Stabiles Internet nur in drei Klassenzimmern

„Wir würden gerne Unterricht über Beamer und Kamera anbieten“, so Steinhülb-Joos. „Aber stabiles Internet gibt es nur in drei Klassenzimmern.“ Das Zusammenspiel von Stadt und Land funktioniere nicht so, wie es sollte. Daher kam die Laptop-Spende der Kinderstiftung und einer Privatperson genau richtig. „Eine Unterstützung in der Not“, bedankte sich die Rektorin bei Claudia Neuhaus und Silke Schmidt-Dencker, Geschäftsführerin der Stuttgarter Kinderstiftung. Denn sie übergaben zunächst 52 Laptops, weitere 18 folgen im September. „Uns geht es um Unterstützung von benachteiligten Kindern“, begründet Schmidt-Dencker. 50 Prozent der Schülerschaft der Altenburgschule besitzt eine Bonus-Card.

Missstände erkannt

„Die Missstände wurden schon vor Jahren erkannt“, stellte Claudia Neuhaus fest und erinnert sich an ein Zitat von Günther Oettinger in seiner Eigenschaft als EU-Kommissar für digitale Wirtschaft und Gesellschaft. „Es gibt mehr digitale Löcher als Schlaglöcher.“ Auch für die Nutzbarmachung der neuen Geräte wird Hilfe angeboten, etwa durch IT-Ehrenamtliche. Es sei ein Unding, wenn die Schule ständig improvisieren müsse. Die Geschäftsführerin der Kinderstiftung hat Zweifel, dass die angekündigten acht Stellen für die bessere Vernetzung der Schulen zügig besetzt werden. „Ob die auch ausreichen?“

Zeitliche Grenzen

Der Konrektor berichtete, dass er immer wieder an zeitliche Grenzen stoße, weil immer mehr Endgeräte zu betreuen seien. Das Kollegium habe sich das Niveau selbst erarbeitet und weitere Kollegen eingelernt. „Es tut weh, wenn die Kollegen, die viel Eigenengagement einbringen, ausgebremst werden.“ Die Altenburgschule nutzt Google education classroom und fährt gut damit. Moodle habe sich nicht als geeignet erwiesen.
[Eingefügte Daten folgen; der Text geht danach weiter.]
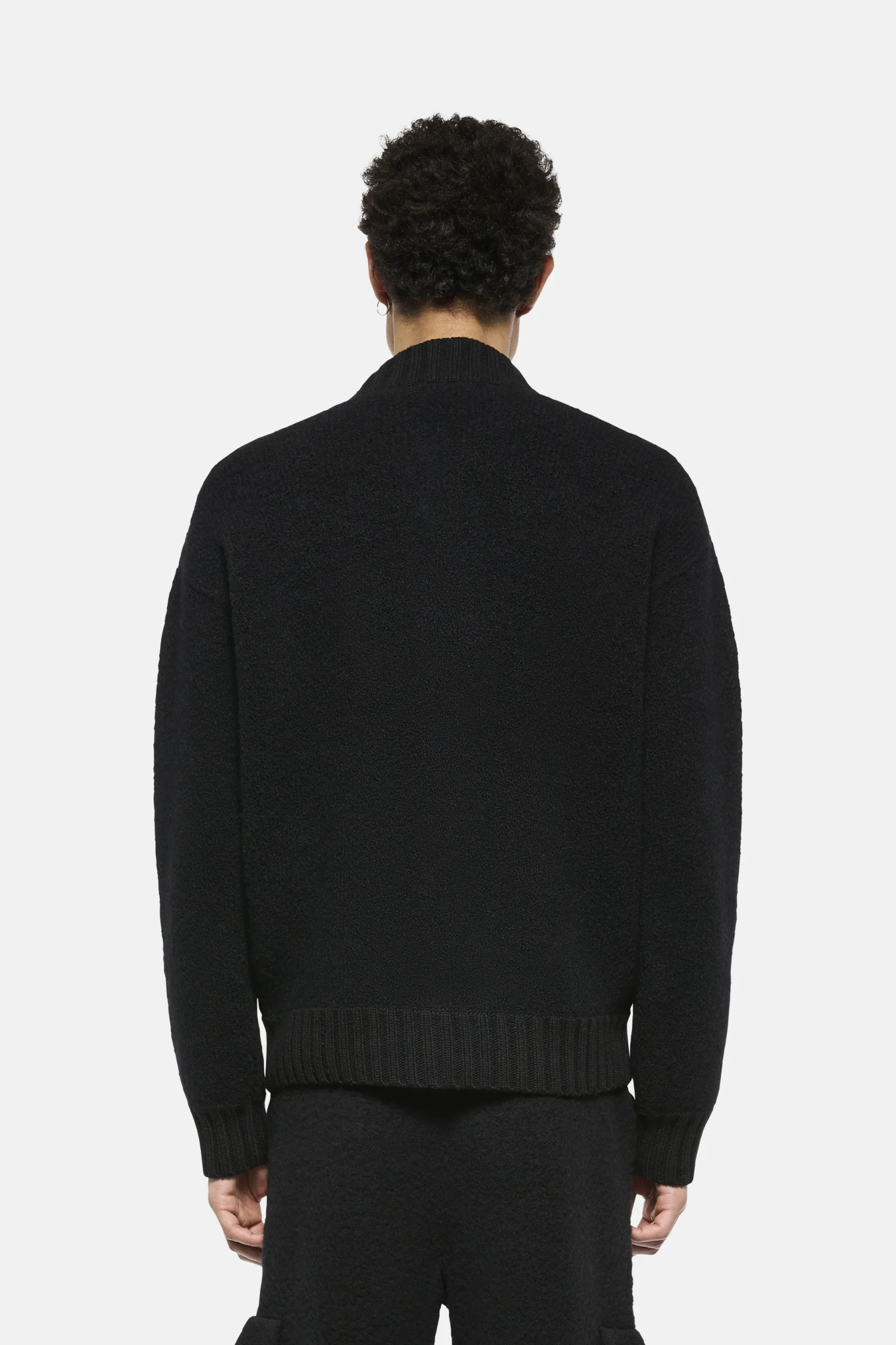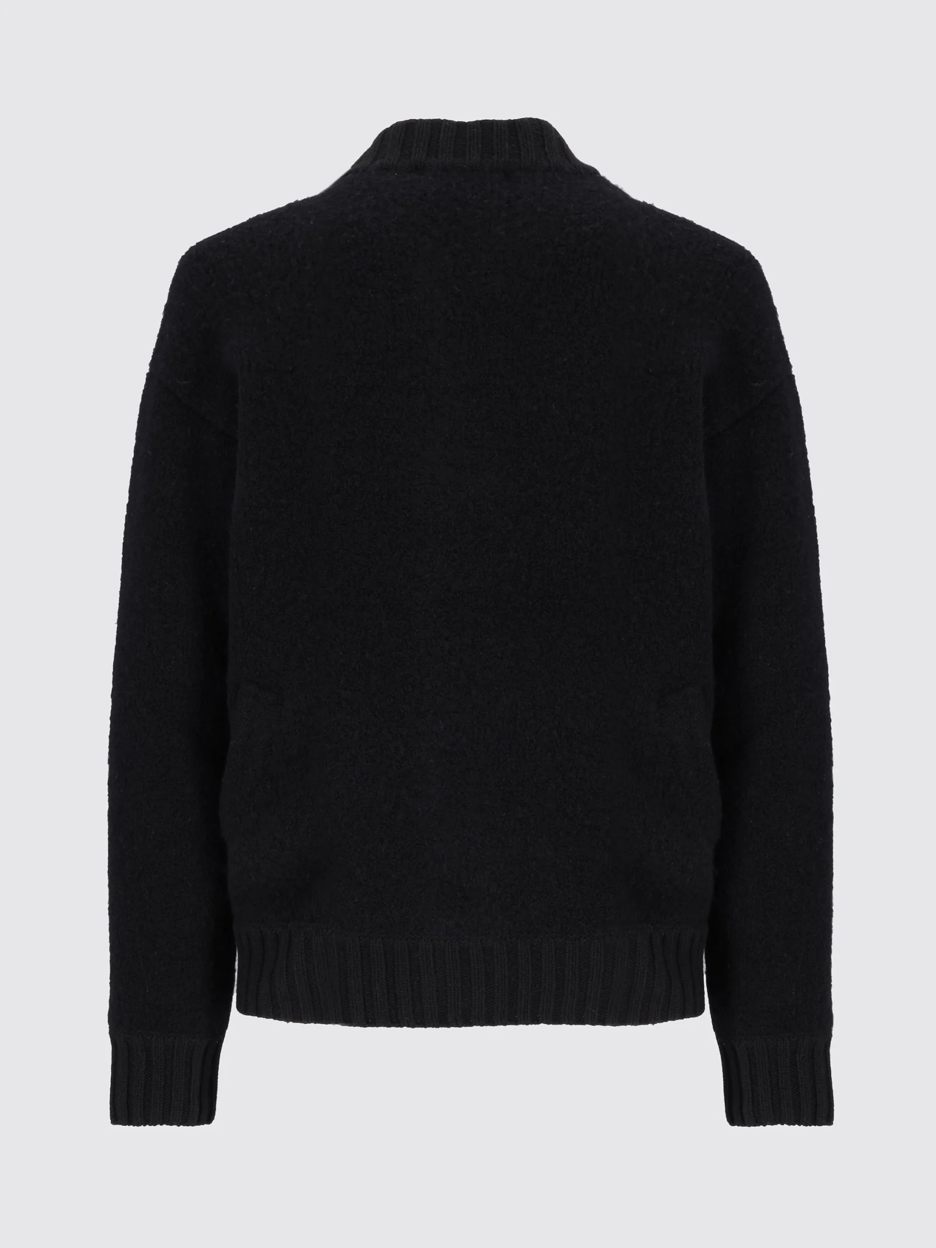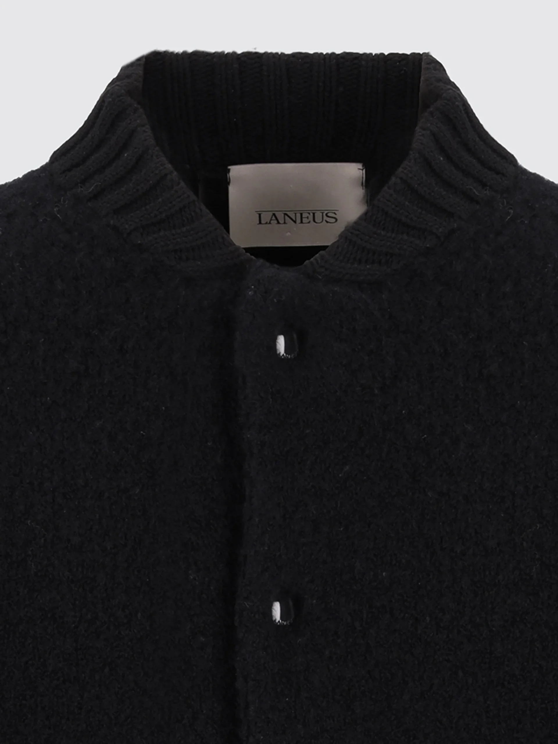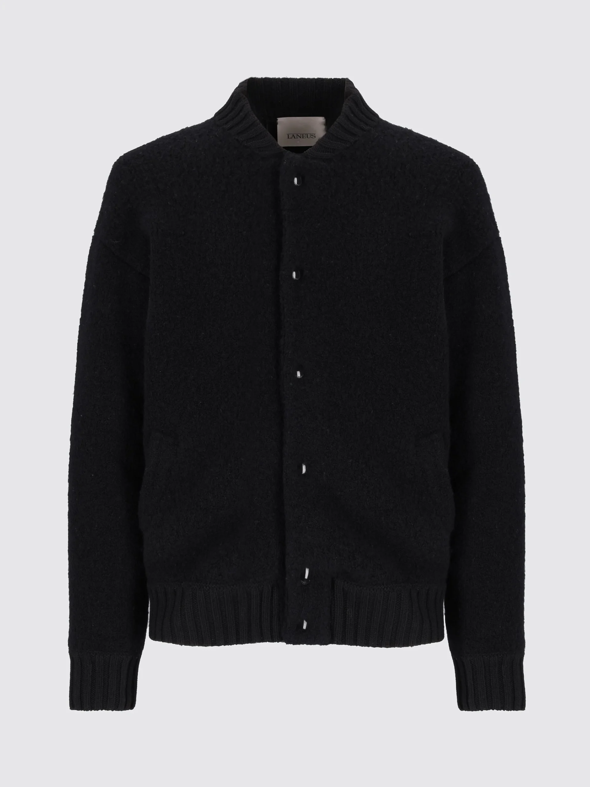Bomber in maglia firmato Laneus, realizzato in filato bouclé di lana Merinos. Caratterizzato da una silhouette regular, presenta chiusura frontale con bottoni snap e due tasche a letto. Collo, polsi e fondo rifiniti a costine completano il design essenziale. Made in Italy.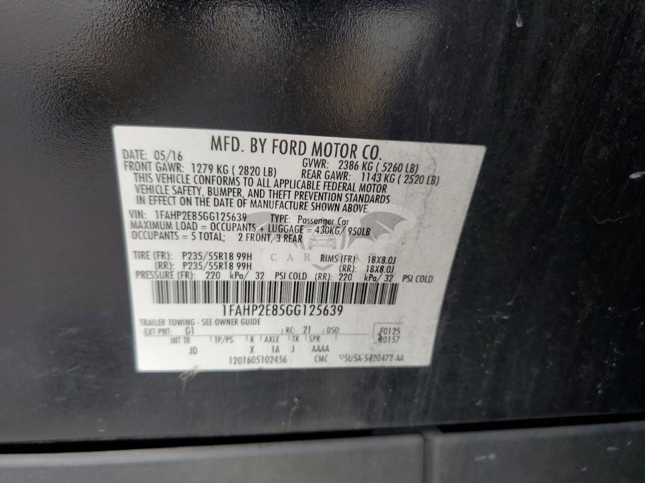 • VIN: 1FAHP2E85GG125639

Wissenschaftliche Begleitung

Die neuen Notebooks sollen für die 5. Klasse genutzt werden. Denkbar sei ein Projekt, dass die kommenden Fünftklässler die Laptops bis zum Schulabschluss nutzen können. „Und dazu eine wissenschaftliche Begleitung mit Evaluation“, nimmt Schmidt-Denker den Faden gleich auf. Auch ehrenamtliche Paten wäre hilfreich. Einen Beleg der erfolgreichen Arbeit nach fünf Jahren an der Gemeinschaftsschule weist die Schulleiterin vor. Die ersten 70 Schülerinnen und Schüler verlassen die Schule – mit dem Hauptschulabschluss nach Klasse 9, mit dem Realschulabschluss und dem erweiterten Hauptschulabschluss nach Klasse 10. Der beste Notendurchschnitt wurde mit 1,7 erzielt.

Problem Vorbereitungsklasse

Zum neuen Schuljahr soll für die doch eher vernachlässigten Nebenfächer Epochalunterricht angeboten werden, das heißt Blockunterricht, um Stoff kompakt aufzuholen. Sorgen bereitet der Schulleiterin die Vorbereitungsklasse. „Die war während Corona verloren.“ Dabei sei Sprache der Schlüssel zum Erfolg.